Thursday 12. December 2019
#176 - November 2014


Energy efficiency in the EU: moving in the right direction


Energy efficiency is one of the pillars of the climate change policy. The last European Council has proposed a very ambitious 27% increase in efficiency beyond previous expectations.

At the end of July the European Commission issued a Communication on “Energy Efficiency and its contribution to energy security and the 2030 Framework for climate and energy policy”. With this document the Commission wants to assess the track to reach the 2020 target on energy efficiency, which was defined as an increase of 20%, and it also proposes a new target of 30% by 2030.

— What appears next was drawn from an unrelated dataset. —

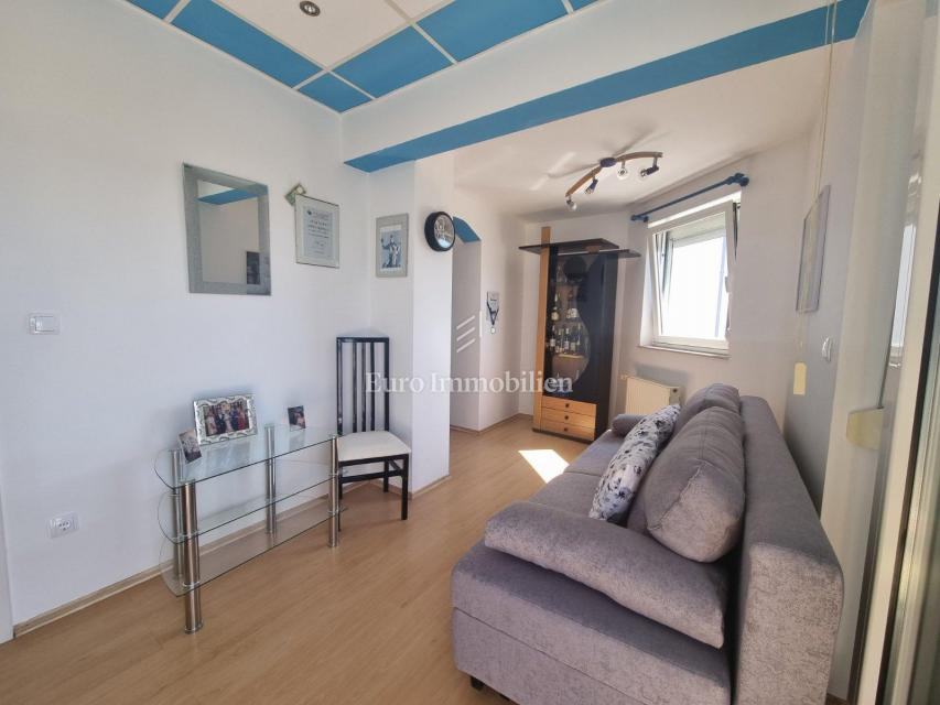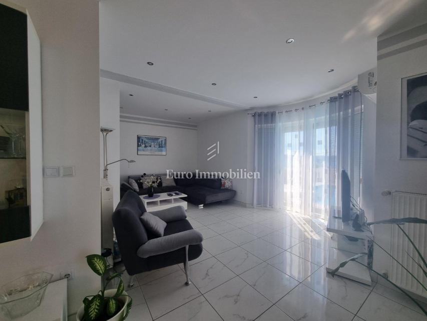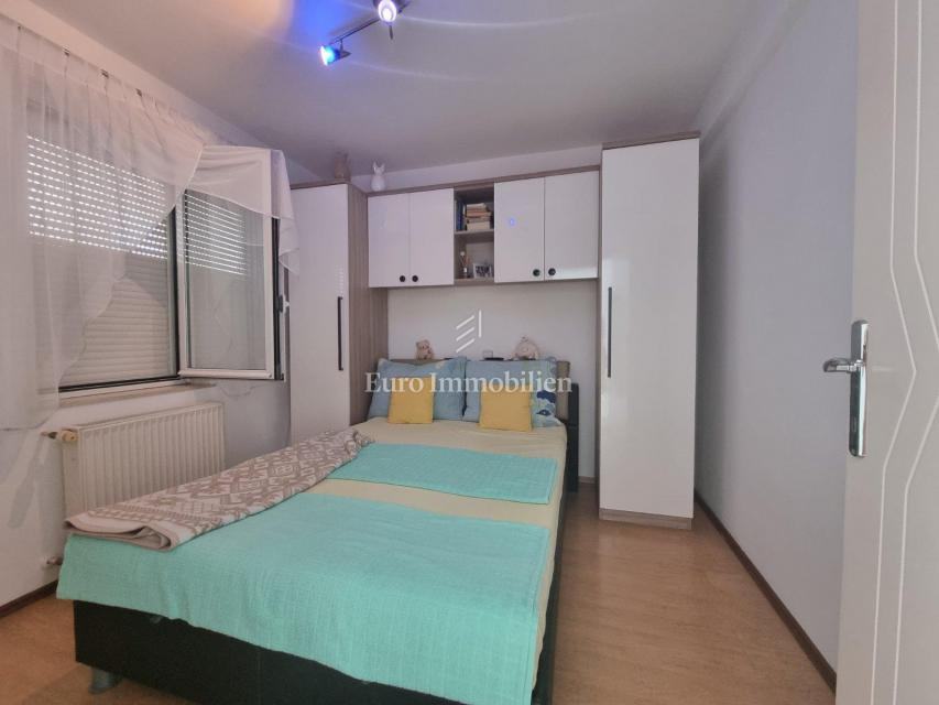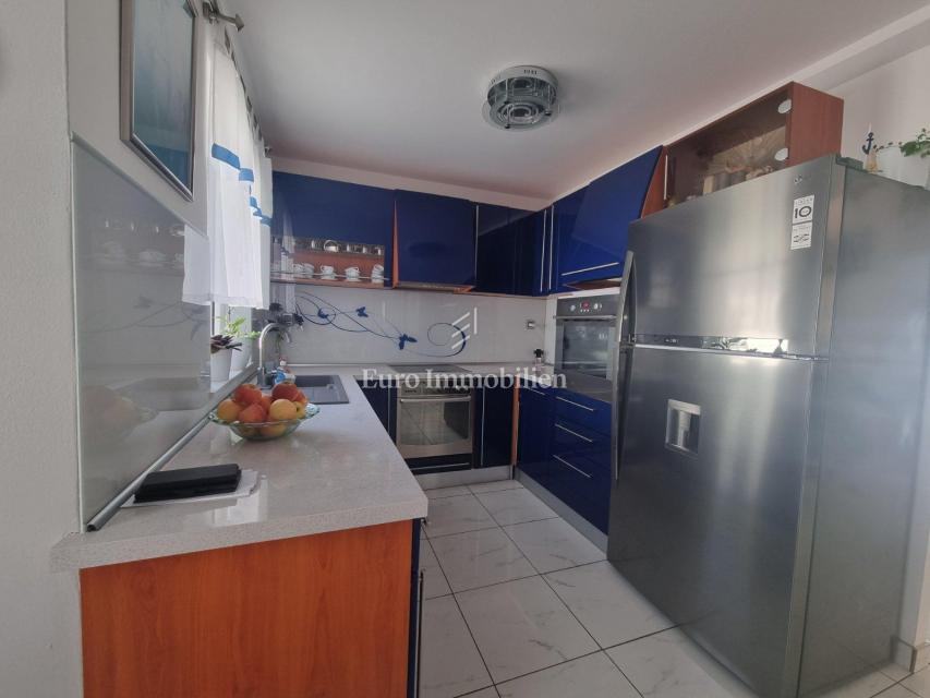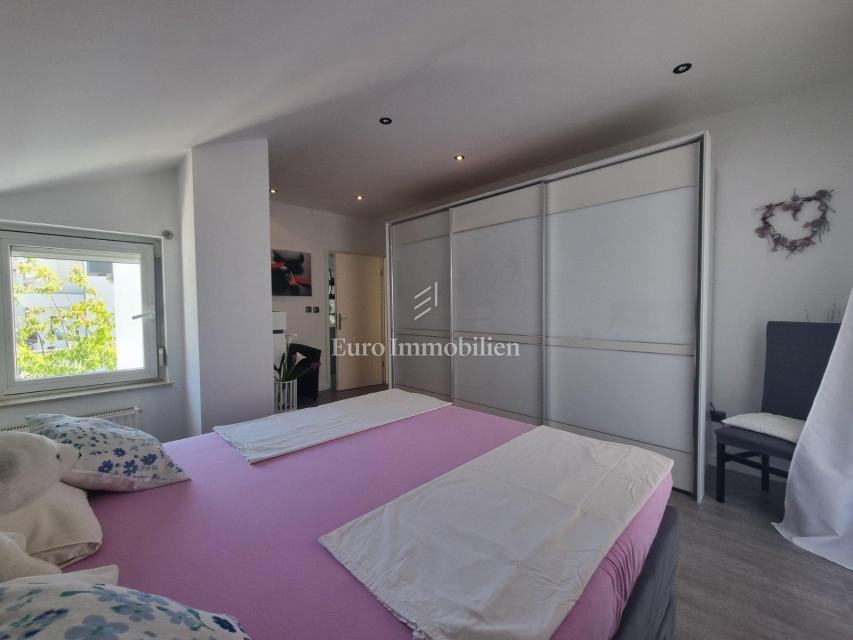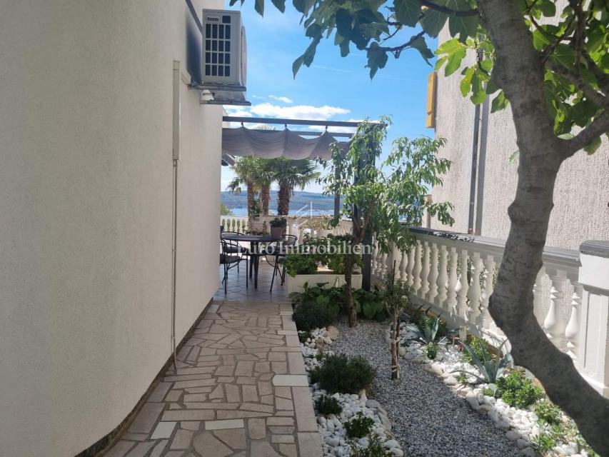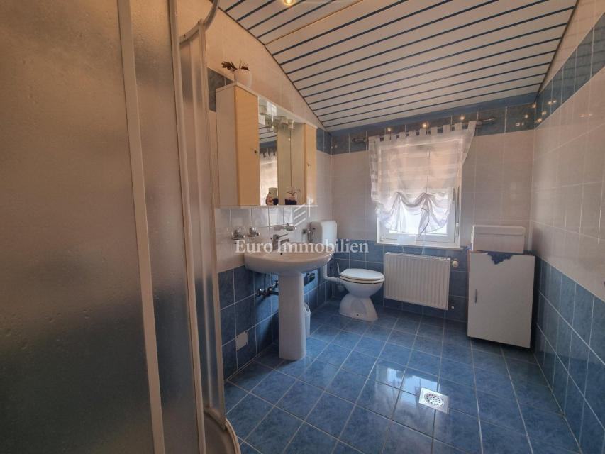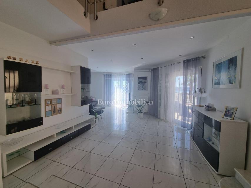 Kuća se sastoji od suterena, prizemlja i kata. Iza kuće nalazi se jedan jednosobni apartman, kotlovnica i pušnica. U suterenu kuće nalaze se dvije garaže i studio apartman. Prizemlje se sastoji od jedne spavaće sobe, kupaone, ulaznog hodnika te prostranog otvorenog prostora (kuhinja, blagovaona i dnevni boravak). Unutarnjim stepenicama ide se na kat gdje se nalaze dvije spavaće sobe s dvije kupaonice te prostrani hodnik. Jedna soba ima izlaz na balkon, a druga na terasu s koje se pruža panoramski pogled na more. Unutar okućnice osim bazena sa sunčalištem nalazi se prekrasni vrt s terasom i kaminom. Kuća za život, ali i za korištenje u turističke svrhe!

Energy efficiency is an important topic because it is one of the three major components of climate change policies, together with the shift to renewable sources and the restriction of CO2 gas emissions. In the previous European strategy for preventing climate change there was established the famous 20-20-20 rule, that is: renewable energies would become 20% of the total mix of European energy consumption, CO2 gas emissions would be reduced by 20%; and the efficiency of our energy system would be increased by 27%, as the recent European Council that took place on 23rd October agreed.

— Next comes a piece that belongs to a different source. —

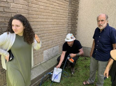 With the help of Radex who scanned the stone, we made the following exciting discovery: there is a metal tube centered in the 1922 cornerstone, indicating there is a more than 90% chance of something having been placed there. Given that it is a metal tube, the likelihood is quite high that this is yet another time capsule!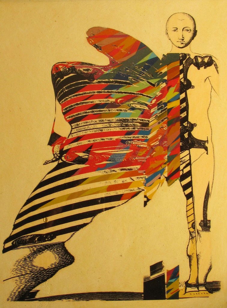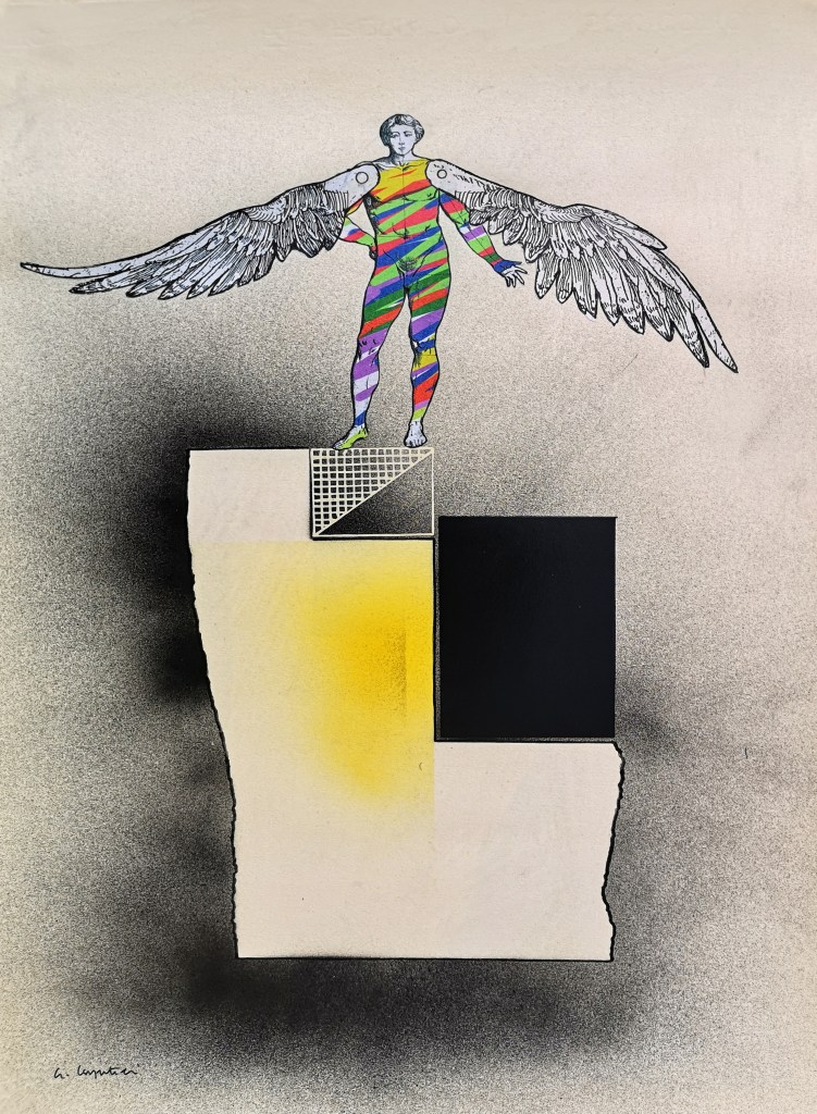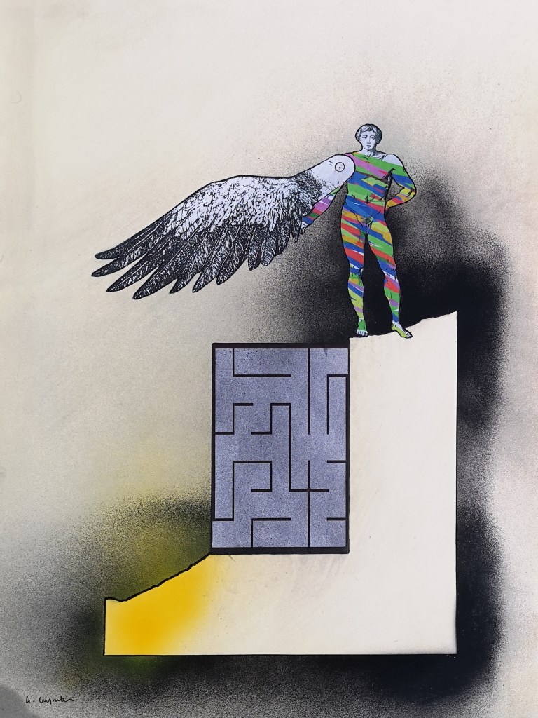 Le ali, tratte da incisioni di Dürer, aggiungono una dimensione visionaria e poetica: il sogno di volare si veste di memoria rinascimentale, di quella tensione verso l’infinito che unisce conoscenza e bellezza. Ma accanto al mito e alla memoria, vi è sempre la costruzione: geometrie, labirinti, meccanismi. Sono strutture che parlano di stabilità, di ordine, di un equilibrio cercato anche nella precarietà del volo.

Energy efficiency is not a unique concept, it is an attempt to achieve a balance between production and energy consumption. Up to 2006 the GDP and energy consumption moved –growing- in parallel but since then energy consumption started declining, in a decoupling process; intensified since 2008 because of the crisis. Behind this reduction in the consumption of energy there is certainly a reduction in general economic activity but also a better energy performance of buildings, more efficient equipment and a detailed system of labelling that allows consumers to choose those electric and electronic devices which are more energy efficient.


EU households spend on average 6.4% of their disposable income on home-related energy use, about two thirds for heating and one-third for other purposes. In 2012 almost 11% of the population of the EU was unable to keep its homes adequately warm. In this sense energy efficiency is very much linked with energy poverty. Those with more difficulties in coping with the electricity bill at the end of the month usually live in the houses with the worst insulation conditions. Less resources and worst housing correlate perfectly. Any policy that would improve building insulation will benefit the population with lower income, as the money spent on energy will be better used.

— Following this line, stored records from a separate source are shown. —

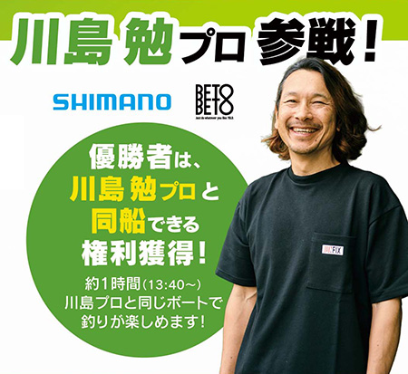 さらに優勝者は川島プロと一緒に同船・釣行できる「同船釣りタイム」の権利獲得!大会当日13:40~14:40が川島プロとの同船・釣行タイムとなります!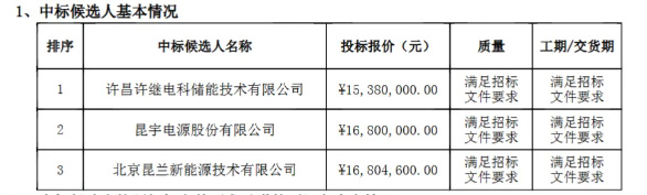 根据开标信息显示,共有12家储能企业参与投标,包括许继集团、平高储能、思源清能、电工时代、比亚迪储能、远信储能、许继电气、远景能源、中天储能、内蒙古中电储能、许昌许继电科、中车株洲所等,最终仅有3家入围。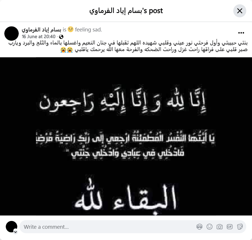 بنتي حبيبتي وأول فرحتي نور عيني وقلبي شهيده اللهم تقبلها في جنان النعيم واغسلها بالماء والثلج والبرد ويارب صبر قلبي على فراقها راحت غزل وراحت الضحكه والفرحة معها الله يرحمك ياقلبي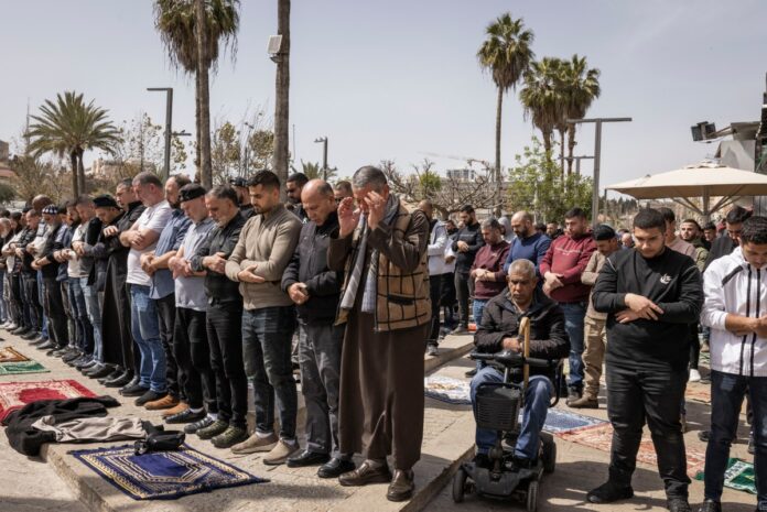 A pocos minutos del mediodía de este viernes, decenas de musulmanes, principalmente hombres, se concentraron a unos 200 metros de la puerta de Damasco, una de las entradas a la Ciudad Vieja de Jerusalén, para rezar en el último viernes del mes de ayuno musulmán. El muecín comenzó la llamada a oración y, bajo el control de la policía israelí, los fieles organizaron como pudieron sus alfombras en el angosto bulevar de la calle Al Anbeya, con la mirada en dirección a Al Aqsa.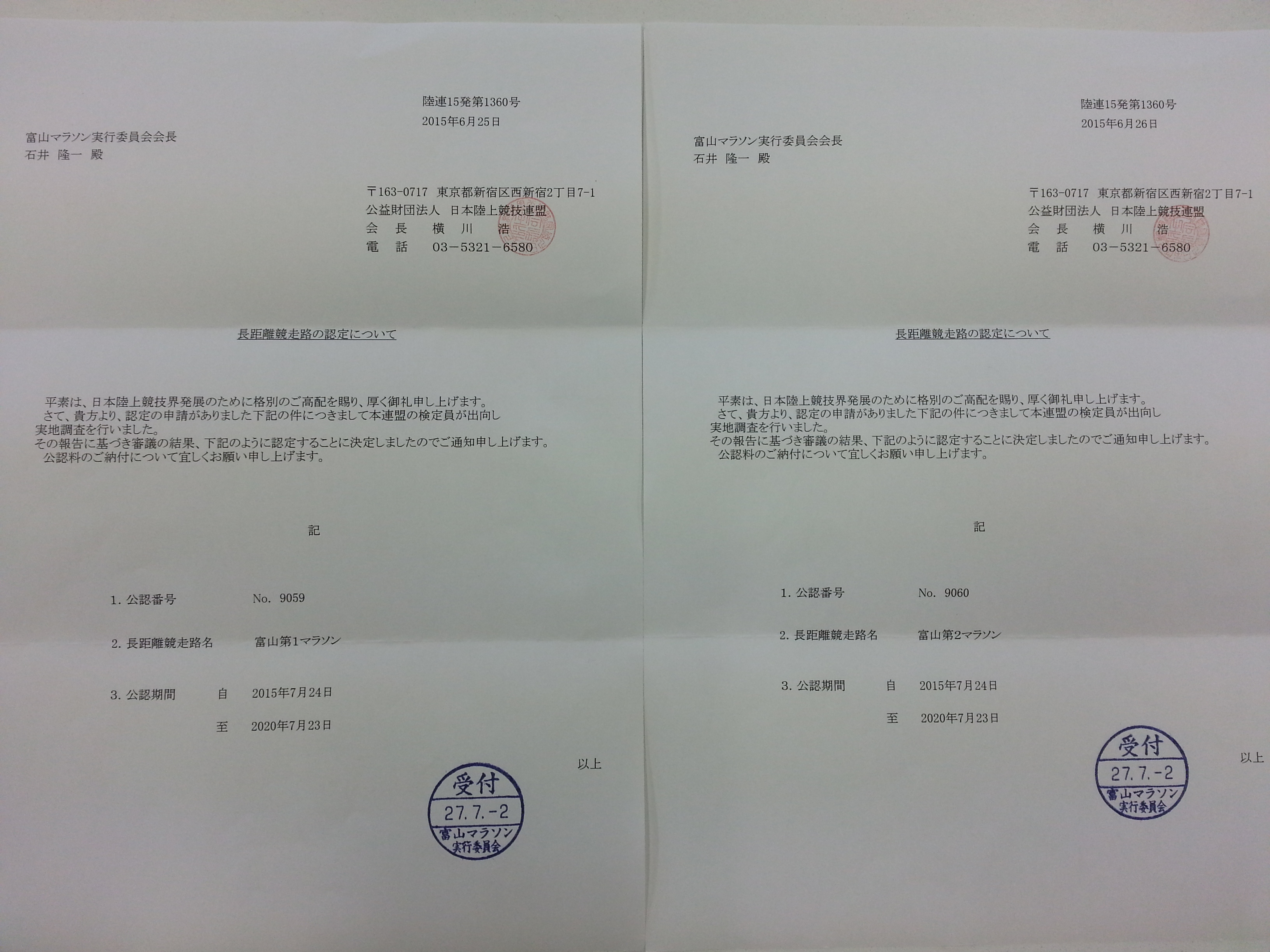 兼ねてから準備を進めておりました、公認コースについて、本日、日本陸上競技連盟から認定する旨文書が届きました。これにより富山マラソンは公認コースとなり、公認大会として開催することとなりましたのでお知らせいたします。

The expectations as to meeting the 2020 target, 27%, are very high. Unfortunately a third of the success is due to the economic crisis, but in any case, the trend towards a more efficient energy system is clearly outlined and that allows us to be also optimistic that the new target for 2030 will be accomplished, and that hopefully, in a recovering economic situation. In this sense the objective of a 30% improvement in efficiency, although ambitious it doesn´t sound impossible. On the contrary energy efficiency is very much linked to cost reduction for industries, in the medium term, although it can imply necessary investments at the first stages. And it can boost activity in construction so as to improve building energy efficiency


The bottle neck of this process is the finance. The Commission assesses that at least €38 billion/year will be necessary to achieve the 2030 framework. Most of this money should come from private funding, as almost 90% of the EU building floorspace is privately owned. State funds will also be necessary to support this shift. The contribution of the European Structural Funds in the period 2014-2020 in promoting low carbon economy investments reaches €38 billion but it will be necessary that the states allocate significant amounts for the Cohesion Policy funding.  The negotiation now open is about the funding after 2020 because if these measures are to have a real impact the level of investment has to be in accordance with the challenge, and extended over the long term.


The whole efficiency programme of the European Commission has some weakness. For example, although the Commission establishes binding targets for the Union itself it is not the case for each Member State as they operate on voluntary targets. The expectation is that the aggregate result will be positive for the Union, but the speed can be very different state by state. In fact the Union is counting on the more efficient countries keeping to their path in such an intense way that they could compensate for the limitations of the others.